Excerpt
WILLIAM TRACY For this part of the afternoon, we’re going to shift gears a little bit and move from the ontological perspective that really defined the first set of talks to a more epistemological perspective, getting down into some of the details. Ole Peters began this work or has been involved in this work with Murray Gell-Mann for some time. His talk is titled “Ergodicity Economics.” Ole is both a member of the London Mathematical Laboratory and the Santa Fe Institute. With that, I’ll turn it over to you, Ole.
OLE PETERS Thank you very much, Will. So, I’ll be talking about ergodicity economics. I will start with a game that many of you will know, but it’s still the best way to introduce this topic that I know of.
The game is the following: It’s a simple multiplicative game. You toss a coin. If it shows heads, you win fifty percent of your wealth. If it shows tails, you lose forty percent of your wealth. You play this game once a minute, so you’re tossing a coin once a minute. As you’re playing, your wealth follows some sort of a random trajectory. I could ask this room who would like to play this game, and I’ll actually do it. Who wants to play this game?
AUDIENCE MEMBER The people in the other room.
[Laughter]
O. PETERS That’s good. This is a sign of success. I’ve asked this question many times and by now almost no one wants to play anymore. There are good reasons why you might want to play the game, but I’m glad you don’t.
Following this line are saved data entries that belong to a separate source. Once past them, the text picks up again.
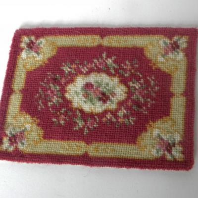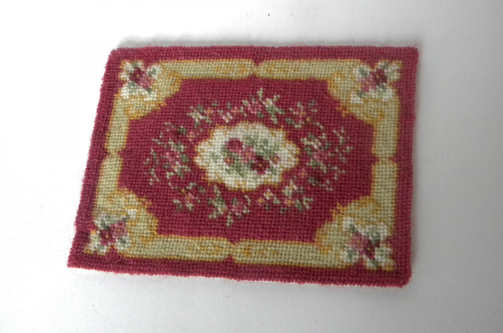 Petit tapis miniature motif Aubusson sur fonds rouge
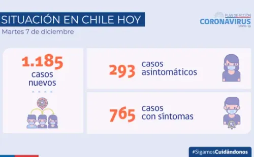 Unnuevoinformesobre laactualidad de lapandemiaen Chile,se publicóeste 7de diciembrepor parte delMinisterio de Saludqueinformó una leve baja en loscasos deCovid,con 207menosque el martes anterior.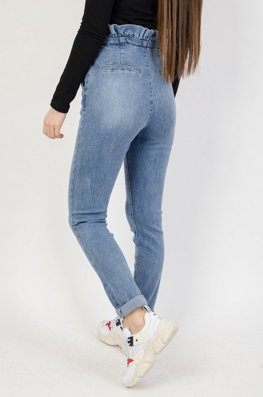 Jasne spodnie jeansowe haremki z falbaną w pasie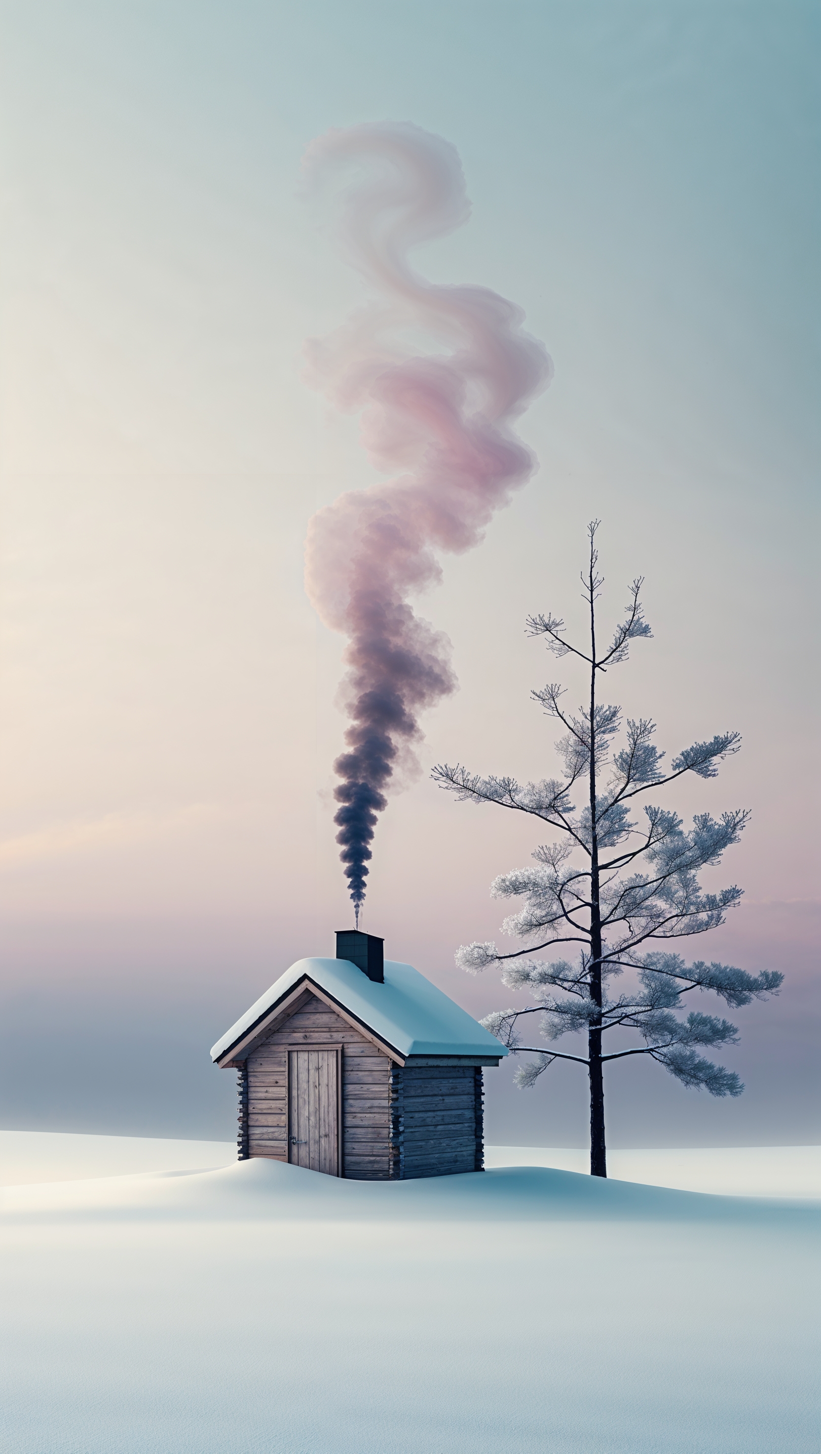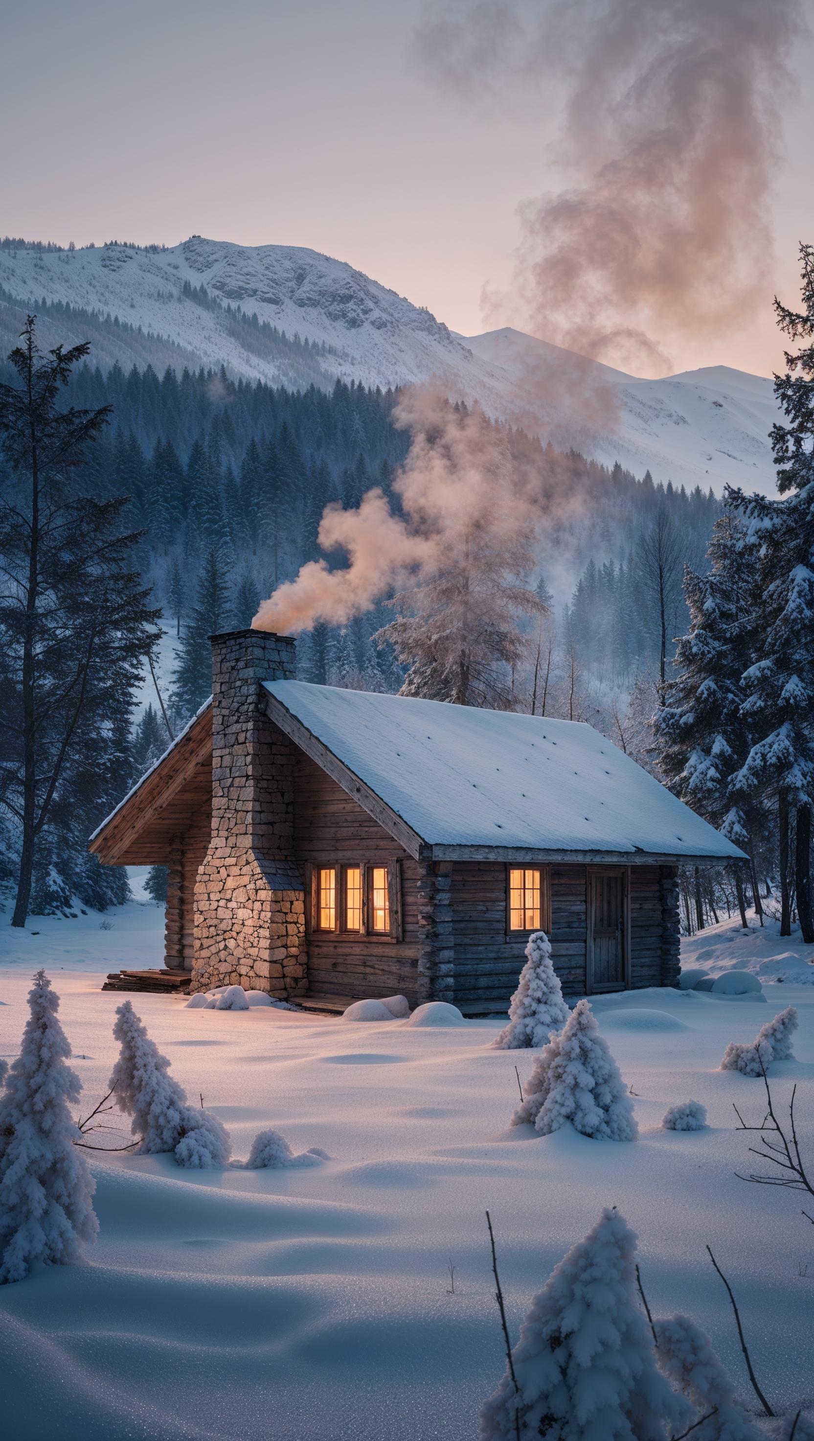 1664x2944 Lonely wooden cabin in snowy valley, smoke rising from chimney, peaceful winter mood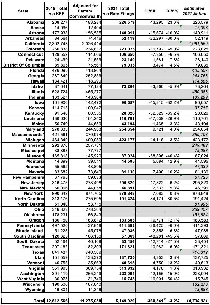 To get rough estimates of the 2021 small group enrollment in the missing 18 states, I've first adjusted Kaiser's 2019 estimates down by 12% to bring them in line with the Farrah/Commonwealth Fund methodology, and then compared the 2021 numbers for the other 33 states against them. On average, they're 3.2% lower, so I've applied that as follows: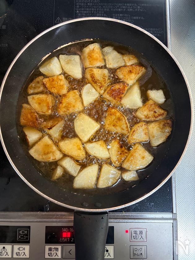 •レンジ加熱してから揚げ焼きにすることで、短時間でも中までやわらかく仕上がります。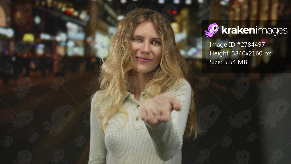 Woman holds hand reaching across a street, showcasing blonde hair and young features while smiling under city night urban lights.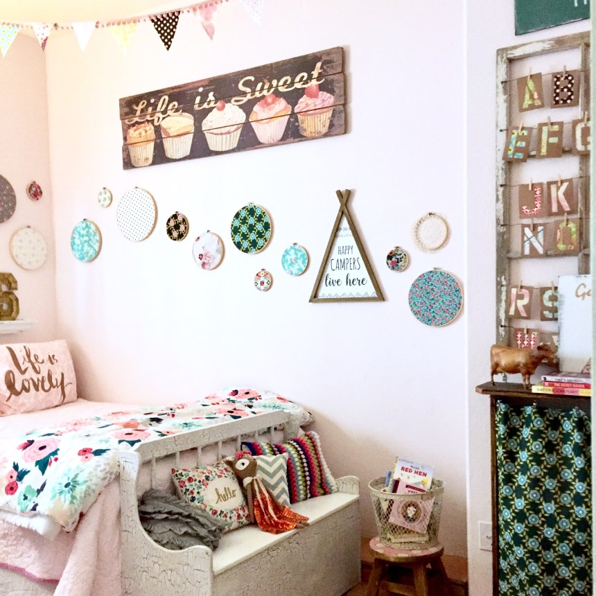 The girl’s room is so fun and sweet. Of course filled with more sewing hoops and lots of books and pillows. They are begging for bunk beds, so if that happens I will post the transformation here!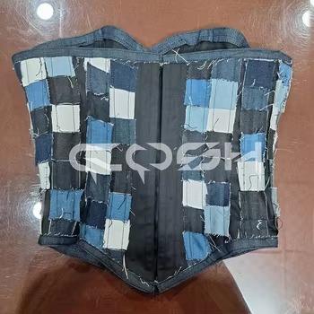 Top corset en denim patchwork fait main sur mesure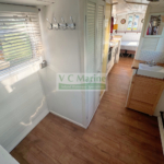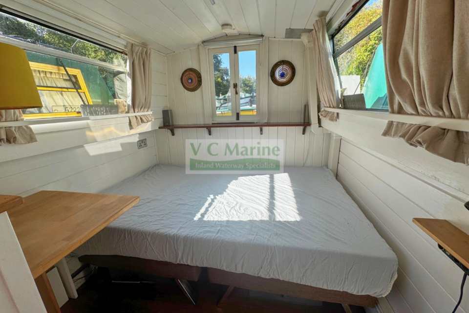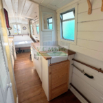 Built in 1980. Fitted by William Baisley. BMC 1.5 30hp diesel engine. 2 berth – fixed double. Solid fuel stove with back boiler heating one radiator. Compost toilet.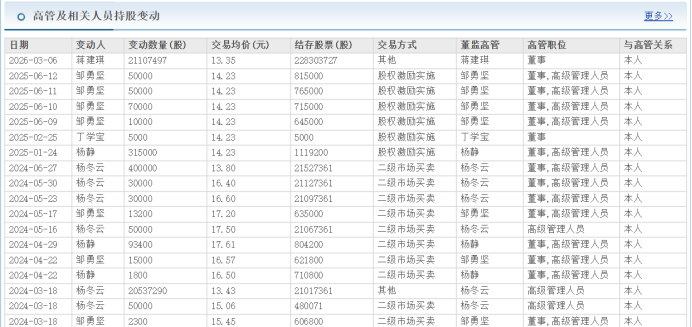 据东方财富网显示,该公司董秘、财务总监邹勇坚在2025年6月份以14.23元每股行权增持了18万股,按照目前的股价亏损了22万多;职工董事丁学宝去年2月行权5000股,也亏损了6000多元;副总经理杨静去年2月份行权31500股,截至目前已亏损了3.8万元。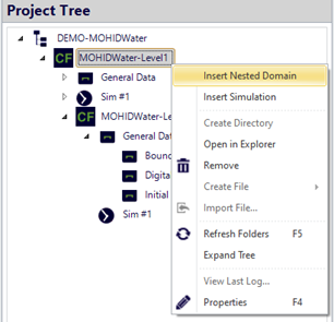 After setting up, and calibrating and validating the parent domain, in OpenFlows FLOOD’s Explorer window select in the parent domain in the tree view. Right click and select “Insert Nested Domain”.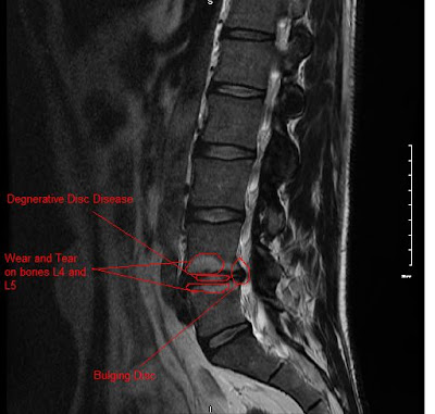Below is an MRI scan of my back, prior to surgery. I've added some comments to it:-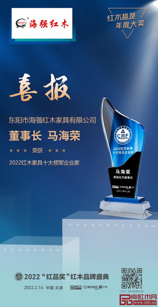 “他懷抱雄心、格局遠(yuǎn)大,幾十載深耕不輟,在整裝領(lǐng)域奮勇爭先;他百折不撓、雷厲風(fēng)行,穩(wěn)抓品質(zhì)核心,率領(lǐng)企業(yè)居領(lǐng)先地位,成為行業(yè)榜樣力量?!边@是紅木品牌盛典組委會(huì)給予海強(qiáng)紅木董事長馬海榮的高度評價(jià)。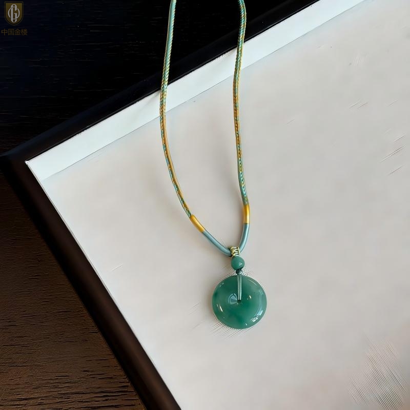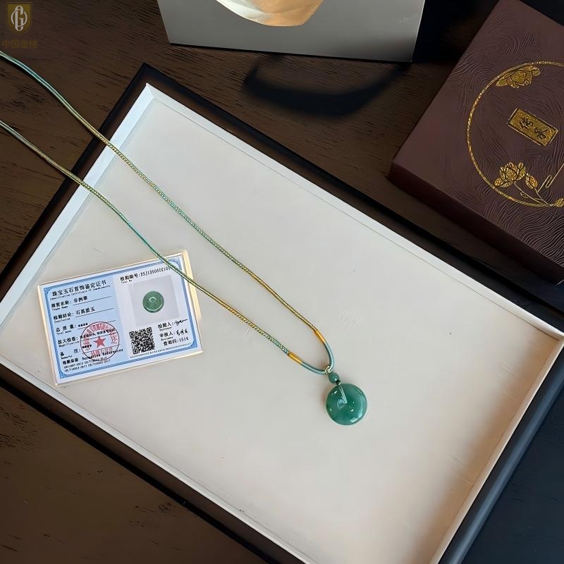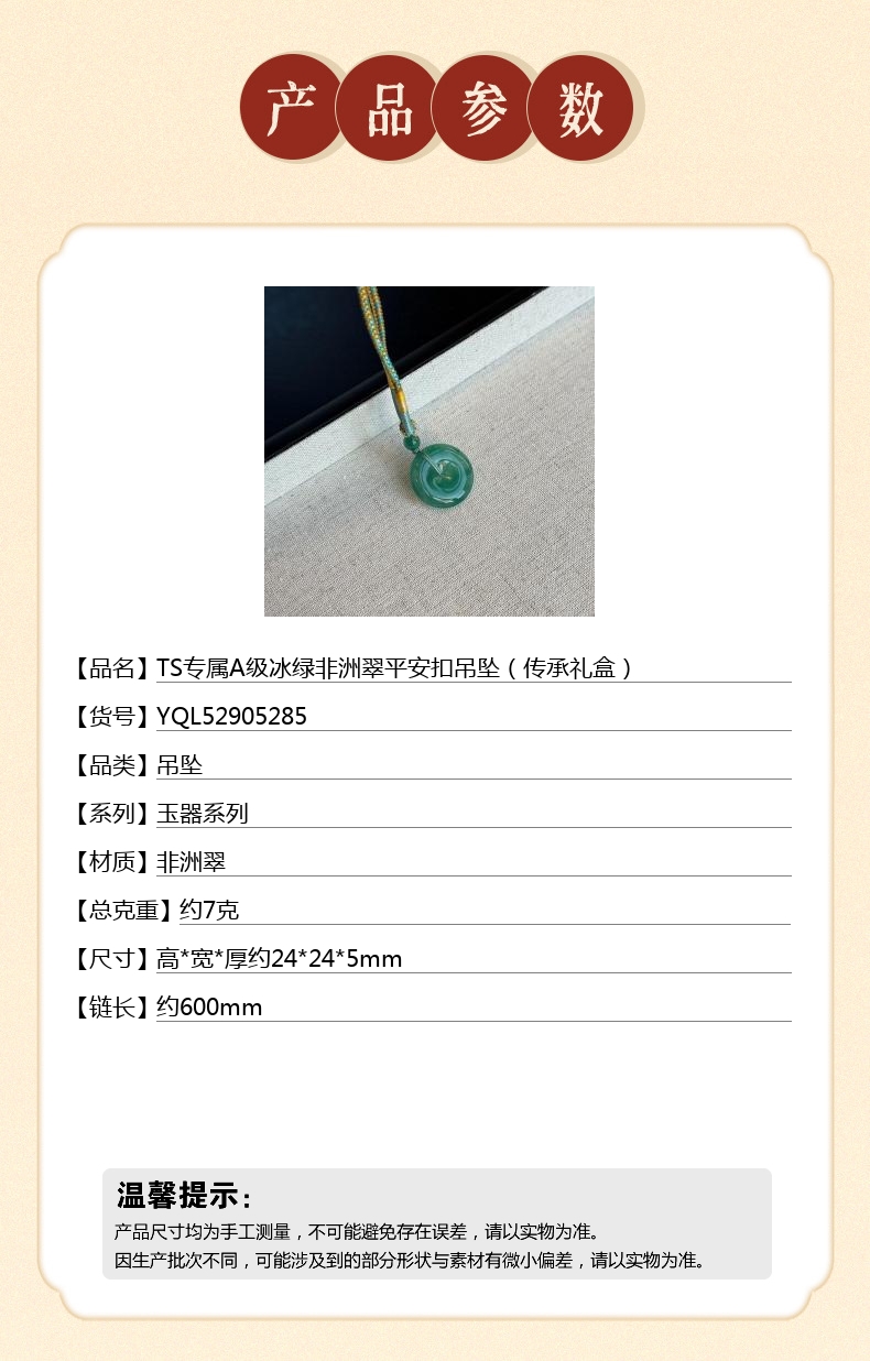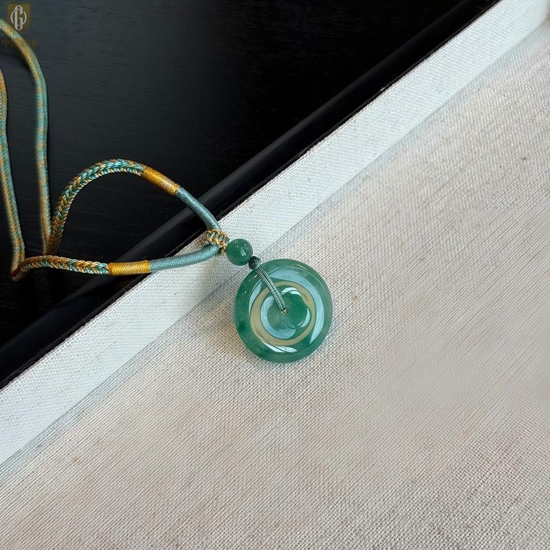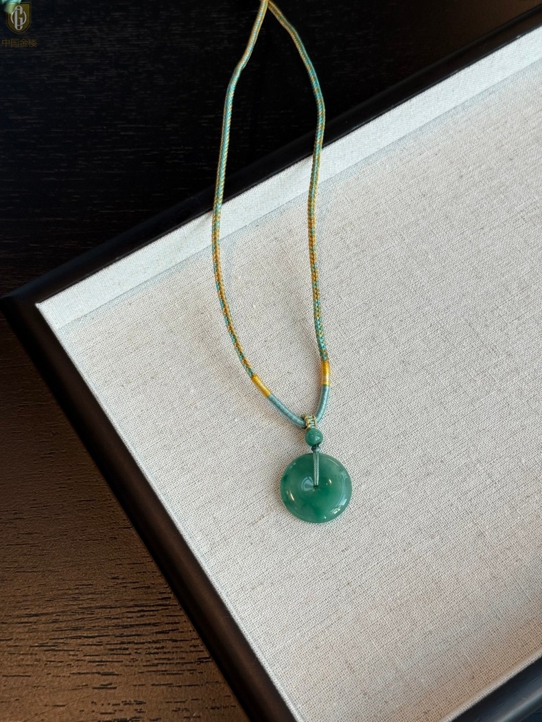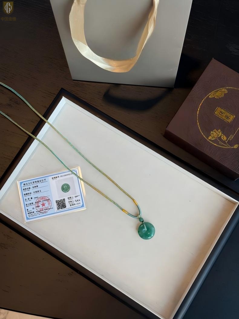 【品名】中国金楼TS专属A级冰绿非洲翠平安扣吊坠(传承礼盒)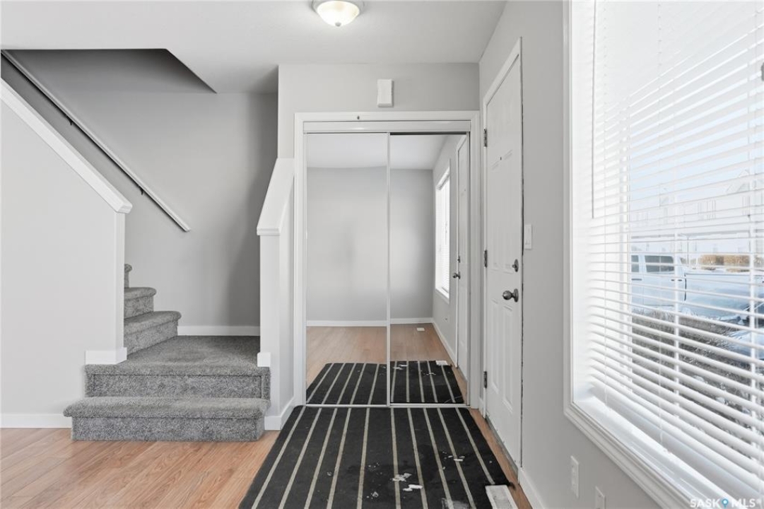 Welcome to this well-kept 2-storey townhouse offering 1,080 sq ft of functional living space in the sought-after Silverspring neighbourhood. This 3-bedroom, 1.5-bath unit features spacious bedrooms with oversized closets, a full 4-piece bathroom upstairs, and a convenient 2-piece bath on the main floor. The finished basement adds valuable extra living space with a cozy family room or home office, and laundry area, and plenty of storage. Located in, desirable well-maintained complex with excellent access to shopping, schools, the University of Saskatchewan, river trails, and the Forestry Farm and just a short drive to the downtown business core. Ideal for investors or buyers looking for a turn-key property with all the work already done. Includes two electrified parking stalls conveniently located right outside the front door.
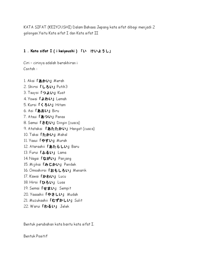 Bentuk Kata Sifat Dalam Bahasa Jepang - Berbagi Bentuk Penting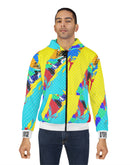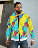 Stay warm and stylish with our zipped fleece jacket, designed with Gen Z in mind. This customizable all-over print zip hoodie boasts seamless design, ensuring no visible white lines at the seams. Featuring a roomy hood, large front pocket, and black zipper, it's the ultimate winter pick. Crafted with 86% Polyester and 14% Cotton, it offers a classic fit and a comfy feel. Rock the look with white thread accents, custom cut and sewn. Proudly assembled in the USA from globally sourced parts.

Okay. Let’s look at one sequence over sixty minutes, so we were playing this game for an hour. You get some kind of a random trajectory, as you would expect. What do you do with a random trajectory? Well, it doesn’t really tell you much about the system, for example, whether this is really a game worth playing or not. It’s just some noise.
In 1654, Fermat and Pascal came up with a recipe for treating situations like that. And they said, “Oh, just imagine everything that could possibly happen.” So, all the possible trajectories over the sixty minutes and an average over them. And if that average looks good to you—in this case, if it goes up, if you’re winning—then that’s a good game. And we’ll call this average the expectation value.
So how do you construct this thing? You construct it by just running many, many, many of these trajectories—infinitely many. These are also called an ensemble or the ensemble of possible trajectories. So you’d run ten, you’d run twenty, you get more and more colorful lines, and then you start averaging. So at each moment of time you take the average over all of these colorful lines and you end up with some sort of slightly less noisy trajectory. If you average over more trajectories, the noise goes away and you’ll find what you’d probably expected to find, which is exponential growth in the expected wealth coming out of this game.
The conclusion from this perspective is that the game is worth playing, on average, but not everyone here wanted to play it. The question is, why is that? Why didn’t you want to play this game? The classic solution to this question is called expected utility theory. It starts from that observation that not everyone is optimizing the expected wealth or changes in expected wealth. And it introduces a new concept, which is the usefulness of wealth: actually, your dollars don’t matter. It’s what they’re worth to you that matters. And it’s the expectation value of that that you will optimize. So, in technical terms, you optimize the expected changes in the utility function.